Bottom-Line Thinking
“What’s the bottom line?” We all have asked that question in one circumstance or another. In a business transaction, it refers to the final cost of a particular item. If we are interviewing for a job, the bottom line for the potential employer might be a requirement that we be willing to work on the Sabbath. In essence, the bottom line takes us down to the foundation of any circumstance, and on that foundation, we can plot our course.
Bottom-line thinking is essential in running a successful above-board business. The same holds true in our spiritual lives. Through Solomon, God says, “Let us hear the conclusion of the whole matter: Fear God and keep His commandments, for this is man’s all. For God will bring every work into judgment, Including every secret thing, whether good or evil” (Ecclesiastes 12:13–14). That is a believer’s bottom line.
It is a wonderful bottom line, but there is more to it than meets the eye at first. John, the apostle, wrote, “If we say that we have no sin, we deceive ourselves, and the truth is not in us. If we confess our sins, He is faithful and just to forgive us our sins and to cleanse us from all unrighteousness” (1 John 1:8–9). We do still sin, if only in our minds, but through honesty borne of humility and repentance, God promises to cleanse us and forgive us. By this means, the bottom line remains our foundation.
The apostle also points to something that can and will, if we allow it, wreck our bottom line. “If we say that we have fellowship with Him, and walk in darkness, we lie and do not practice the truth” (1 John 1:6). If we pretend to have a spiritual connection with God, but our fruits show that we have no heart to truly repent and confess our sins to God, we will lose the light of the Holy Spirit.
You see, it is possible to proclaim the bottom line and yet be totally foundationless. “You who make your boast in the law, do you dishonor God through breaking the law? For “the name of God is blasphemed among the Gentiles because of you,” as it is written” (Romans 2:23–24). Not only does such fakery leave us foundationless, but it also encourages the unbelieving to blaspheme God!

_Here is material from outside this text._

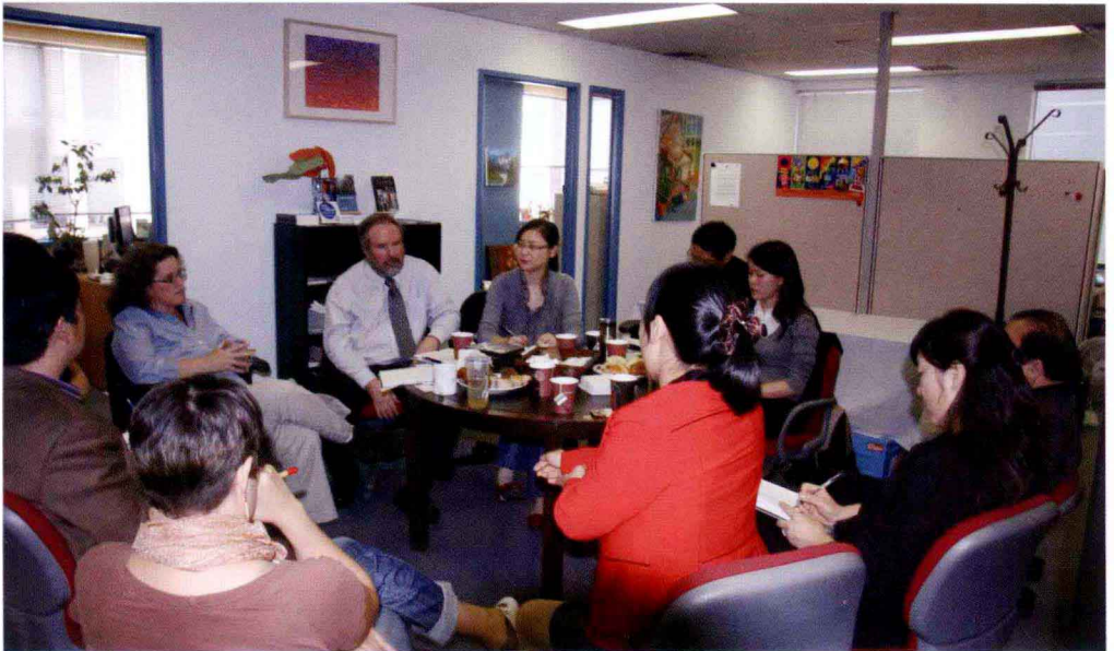
在温哥华某基金会座谈就业性别平等问题

Here, Paul reminds us how to maintain and build on that solid foundation. “Now we have received, not the spirit of the world, but the Spirit which is from God, that we might know the things that have been freely given to us by God. These things we also speak, not in words which man’s wisdom teaches but which the Holy Spirit teaches, comparing spiritual things with spiritual” (1 Corinthians 2:12–13). The Holy Spirit, which leads us into all truth, will help us recognize the areas in our spiritual lives that need to be overcome. If we yield to its lead, it will help to perfect us over time.
Bottom-line thinking comes from God through the Holy Spirit.